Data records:
BEGIN
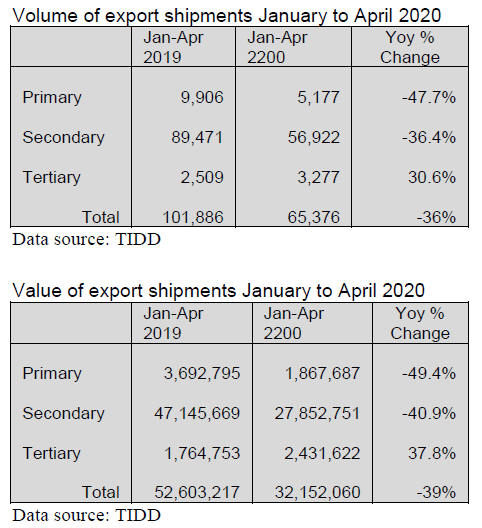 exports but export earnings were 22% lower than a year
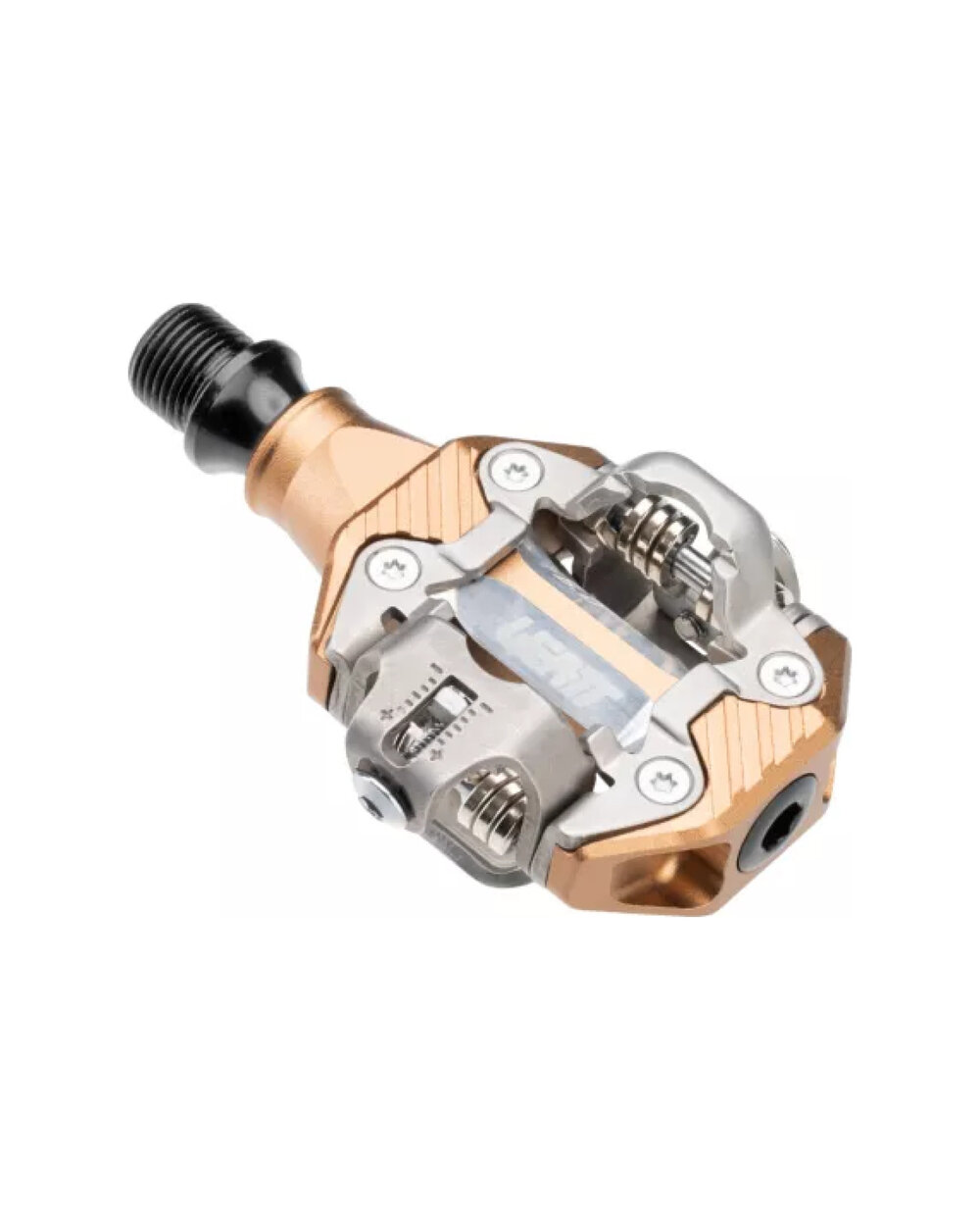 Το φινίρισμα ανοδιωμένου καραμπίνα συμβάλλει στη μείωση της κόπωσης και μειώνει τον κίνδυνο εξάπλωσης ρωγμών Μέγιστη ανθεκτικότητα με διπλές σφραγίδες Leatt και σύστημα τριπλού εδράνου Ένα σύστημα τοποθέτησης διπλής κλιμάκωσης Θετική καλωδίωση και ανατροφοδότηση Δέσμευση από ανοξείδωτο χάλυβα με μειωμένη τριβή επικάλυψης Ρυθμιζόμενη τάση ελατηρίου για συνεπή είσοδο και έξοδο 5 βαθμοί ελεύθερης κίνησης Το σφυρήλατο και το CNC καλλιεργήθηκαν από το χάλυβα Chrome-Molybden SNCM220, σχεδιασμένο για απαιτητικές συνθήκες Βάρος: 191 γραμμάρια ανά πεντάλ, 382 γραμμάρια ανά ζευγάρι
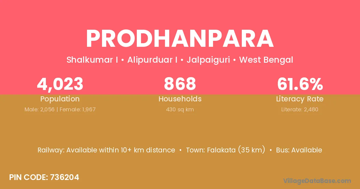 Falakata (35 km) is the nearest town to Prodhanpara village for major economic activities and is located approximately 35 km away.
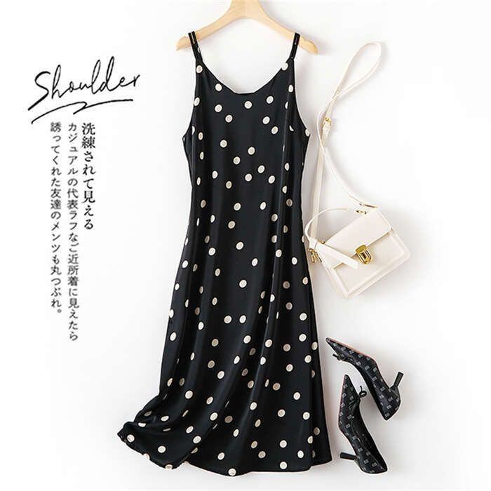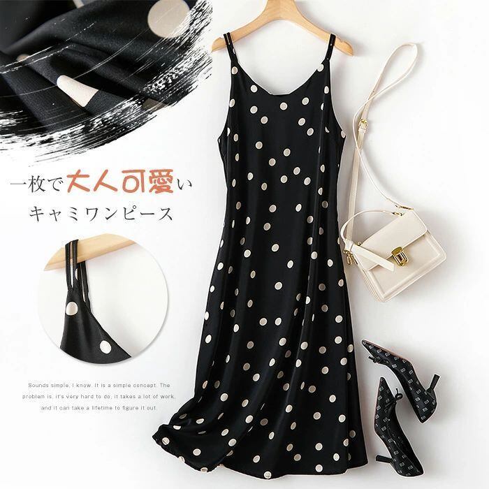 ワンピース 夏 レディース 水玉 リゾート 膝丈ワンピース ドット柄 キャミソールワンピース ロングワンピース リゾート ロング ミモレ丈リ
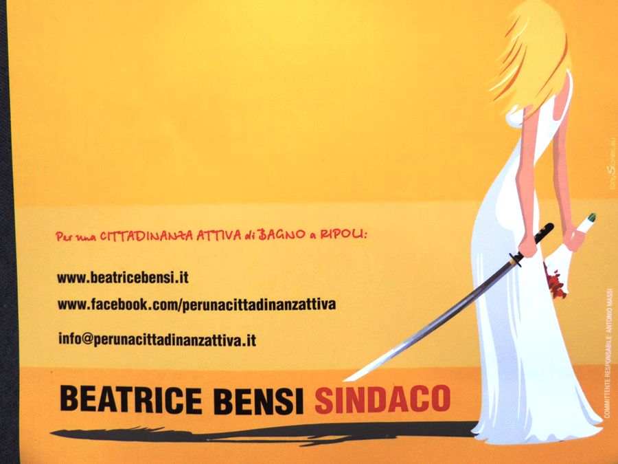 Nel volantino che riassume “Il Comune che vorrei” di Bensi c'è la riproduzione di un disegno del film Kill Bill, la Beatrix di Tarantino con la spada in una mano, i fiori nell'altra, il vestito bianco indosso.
END
§ **EXERCISE**:
None of the pictures should be copied, but every record above must be returned exactly.

§ **EXERCISE SOLUTION**:
 exports but export earnings were 22% lower than a year
 Το φινίρισμα ανοδιωμένου καραμπίνα συμβάλλει στη μείωση της κόπωσης και μειώνει τον κίνδυνο εξάπλωσης ρωγμών Μέγιστη ανθεκτικότητα με διπλές σφραγίδες Leatt και σύστημα τριπλού εδράνου Ένα σύστημα τοποθέτησης διπλής κλιμάκωσης Θετική καλωδίωση και ανατροφοδότηση Δέσμευση από ανοξείδωτο χάλυβα με μειωμένη τριβή επικάλυψης Ρυθμιζόμενη τάση ελατηρίου για συνεπή είσοδο και έξοδο 5 βαθμοί ελεύθερης κίνησης Το σφυρήλατο και το CNC καλλιεργήθηκαν από το χάλυβα Chrome-Molybden SNCM220, σχεδιασμένο για απαιτητικές συνθήκες Βάρος: 191 γραμμάρια ανά πεντάλ, 382 γραμμάρια ανά ζευγάρι
 Falakata (35 km) is the nearest town to Prodhanpara village for major economic activities and is located approximately 35 km away.
 ワンピース 夏 レディース 水玉 リゾート 膝丈ワンピース ドット柄 キャミソールワンピース ロングワンピース リゾート ロング ミモレ丈リ
 Nel volantino che riassume “Il Comune che vorrei” di Bensi c'è la riproduzione di un disegno del film Kill Bill, la Beatrix di Tarantino con la spada in una mano, i fiori nell'altra, il vestito bianco indosso.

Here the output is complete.